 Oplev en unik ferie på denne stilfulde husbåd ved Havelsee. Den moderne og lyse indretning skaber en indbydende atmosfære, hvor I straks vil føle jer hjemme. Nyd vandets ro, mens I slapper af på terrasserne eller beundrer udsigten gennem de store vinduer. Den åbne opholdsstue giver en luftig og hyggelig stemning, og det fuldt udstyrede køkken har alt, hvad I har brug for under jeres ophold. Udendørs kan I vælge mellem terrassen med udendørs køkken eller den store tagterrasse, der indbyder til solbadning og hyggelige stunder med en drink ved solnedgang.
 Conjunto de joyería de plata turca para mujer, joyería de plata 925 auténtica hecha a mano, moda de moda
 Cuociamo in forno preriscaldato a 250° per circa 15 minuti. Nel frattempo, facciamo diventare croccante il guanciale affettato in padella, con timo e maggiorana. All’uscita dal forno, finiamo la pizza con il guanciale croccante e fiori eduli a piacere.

---

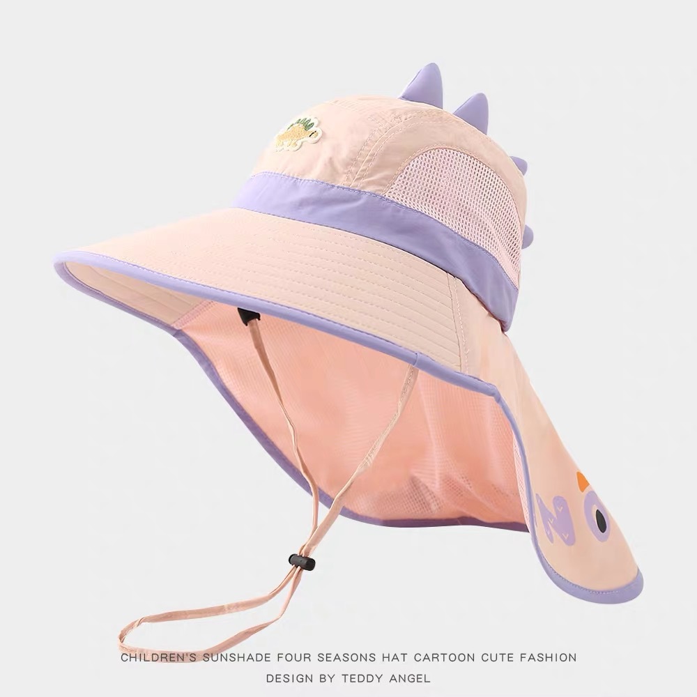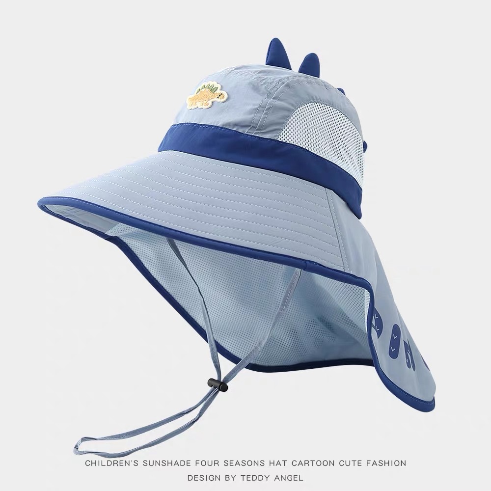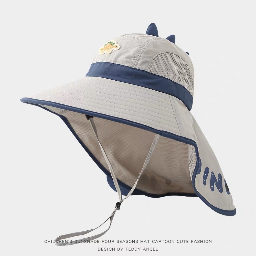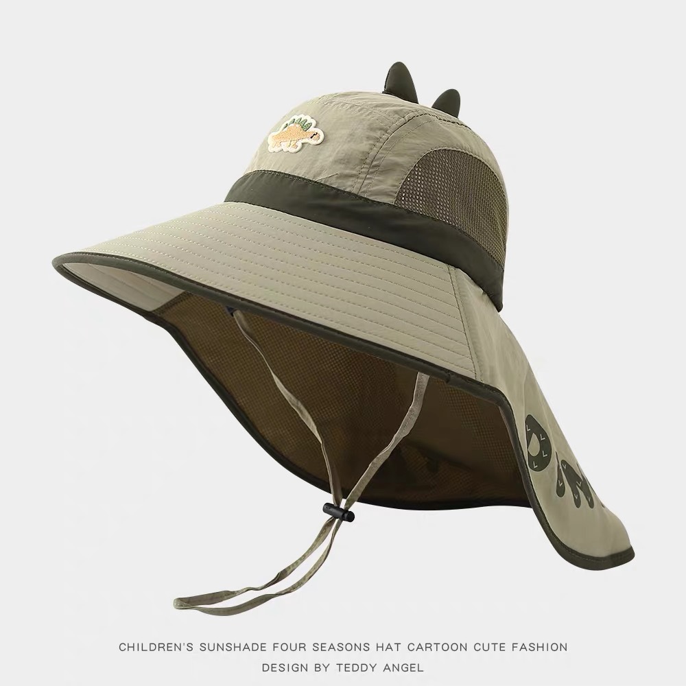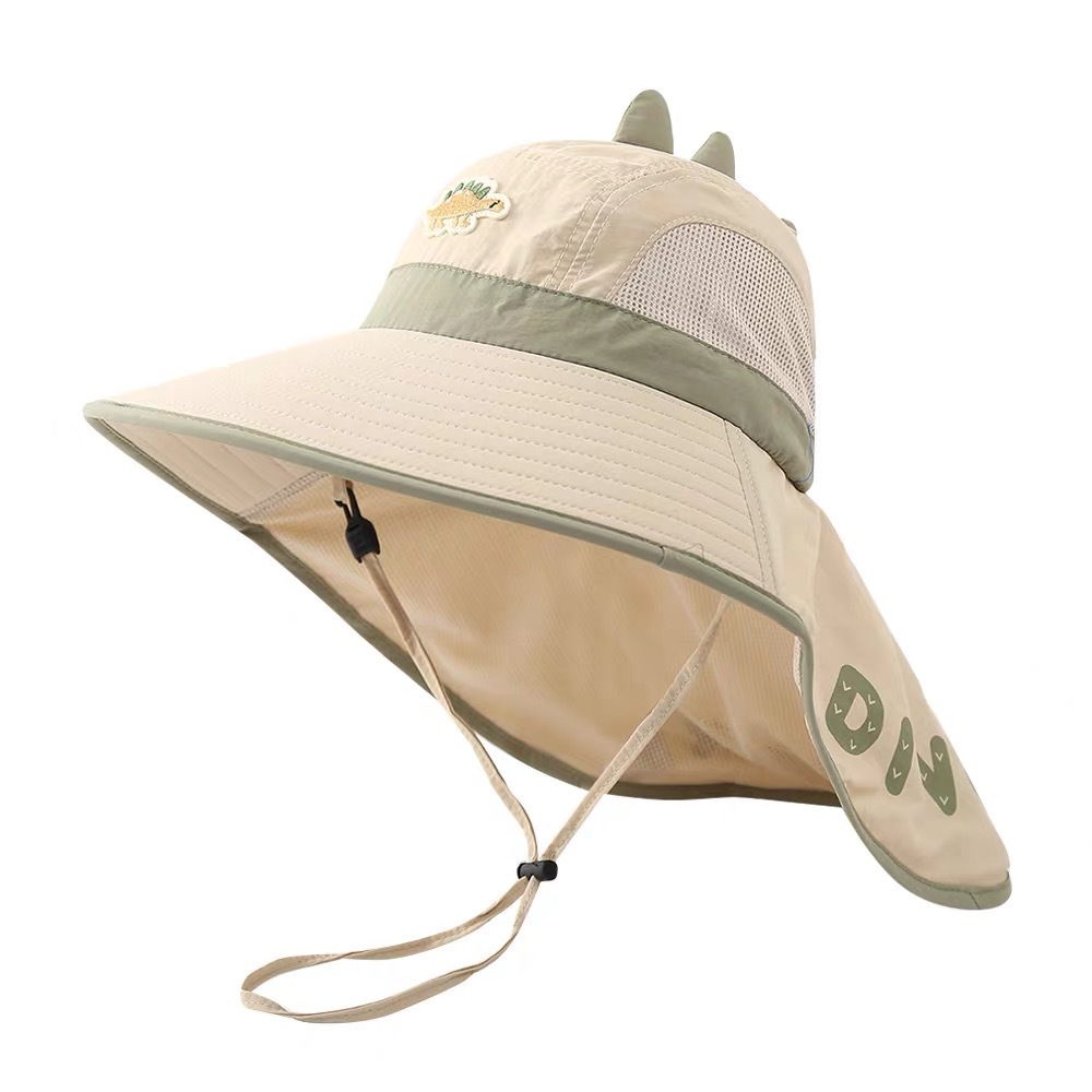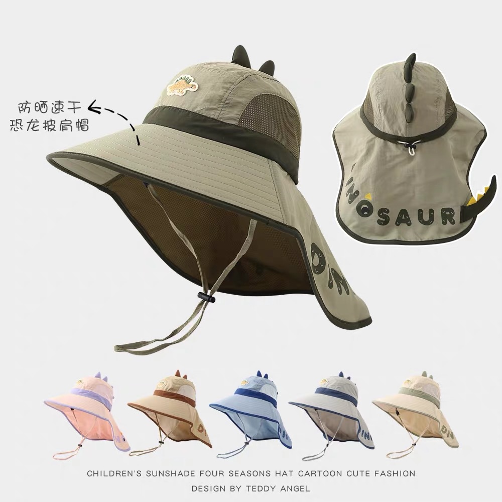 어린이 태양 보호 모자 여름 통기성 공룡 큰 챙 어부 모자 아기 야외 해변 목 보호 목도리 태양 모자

---

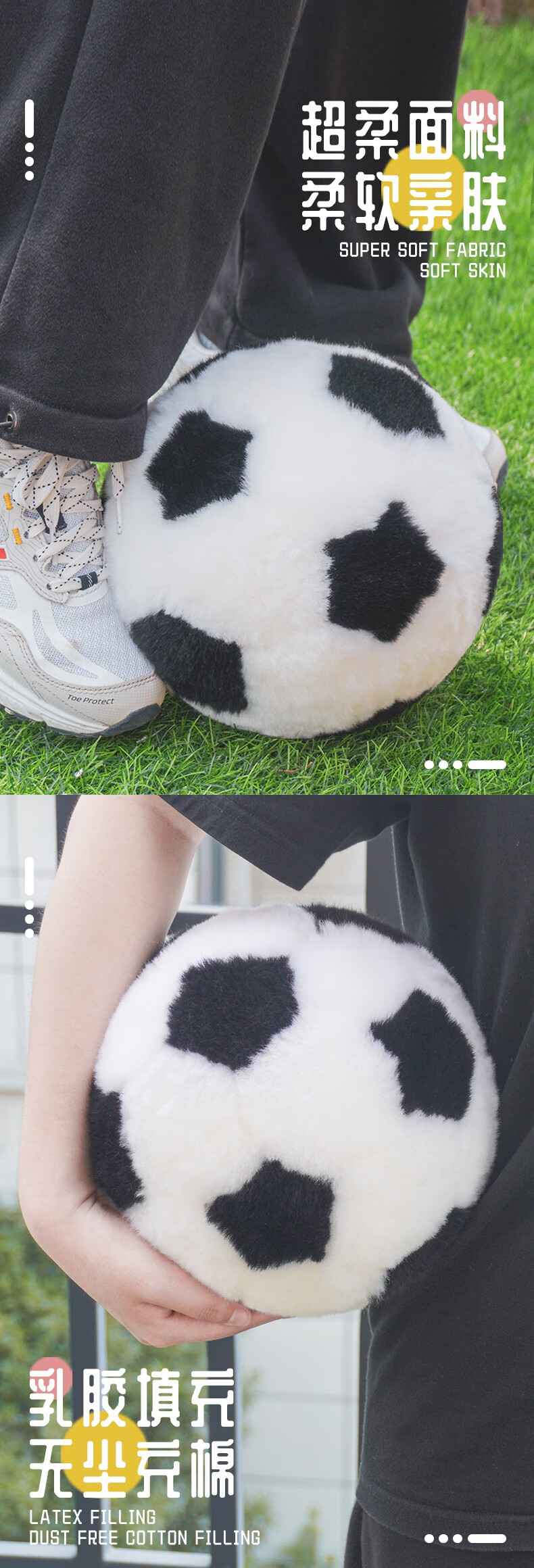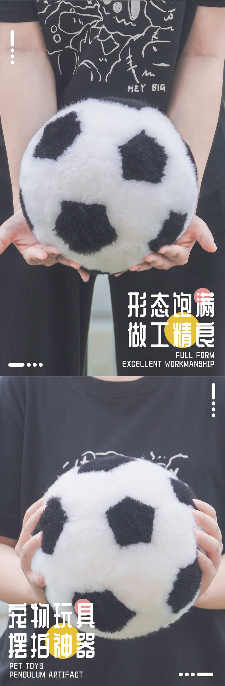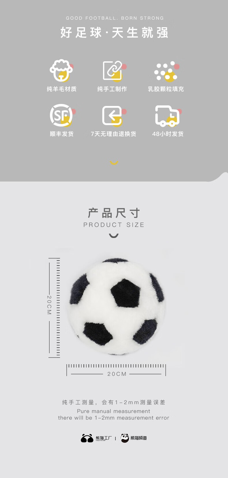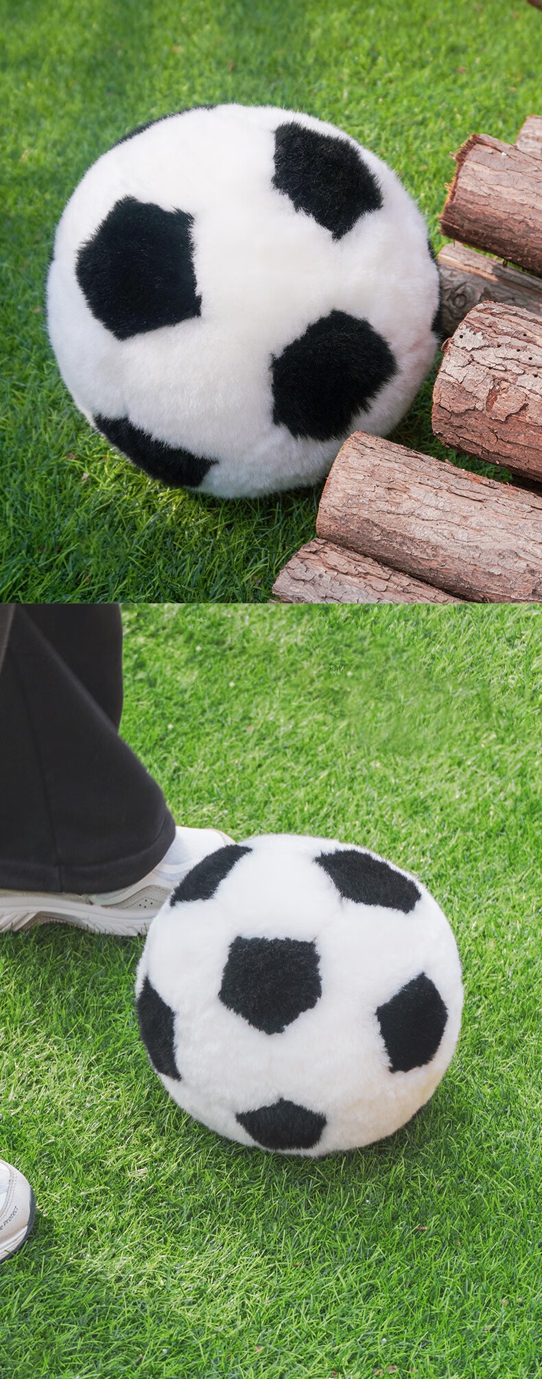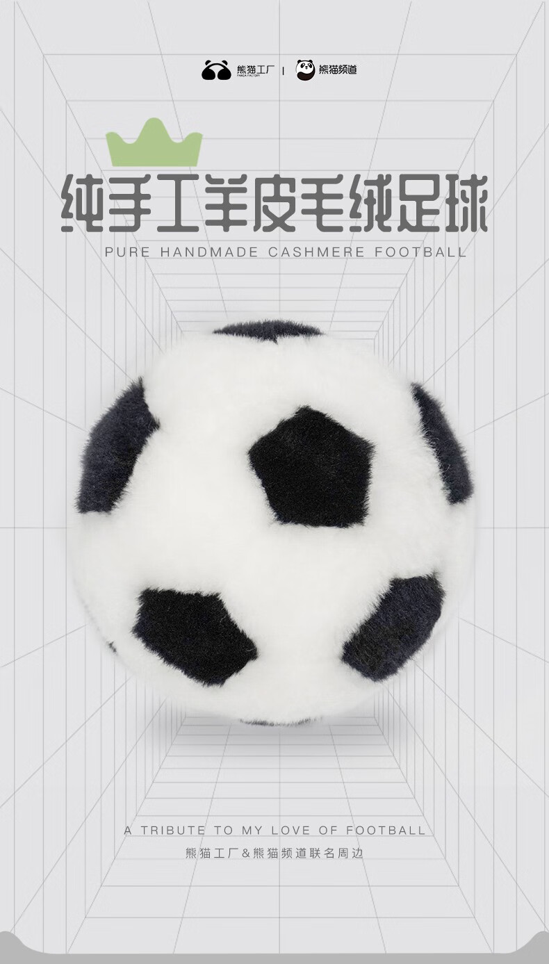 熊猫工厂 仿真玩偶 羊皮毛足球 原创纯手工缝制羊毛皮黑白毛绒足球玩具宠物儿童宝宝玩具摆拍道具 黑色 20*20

#### [Action item]
Print only what lies in the material above starting at the line with "Conjunto de joyería" and ending at the line with "Cuociamo in forno", every line exactly as given.

#### [Solution below]
 Conjunto de joyería de plata turca para mujer, joyería de plata 925 auténtica hecha a mano, moda de moda
 Cuociamo in forno preriscaldato a 250° per circa 15 minuti. Nel frattempo, facciamo diventare croccante il guanciale affettato in padella, con timo e maggiorana. All’uscita dal forno, finiamo la pizza con il guanciale croccante e fiori eduli a piacere.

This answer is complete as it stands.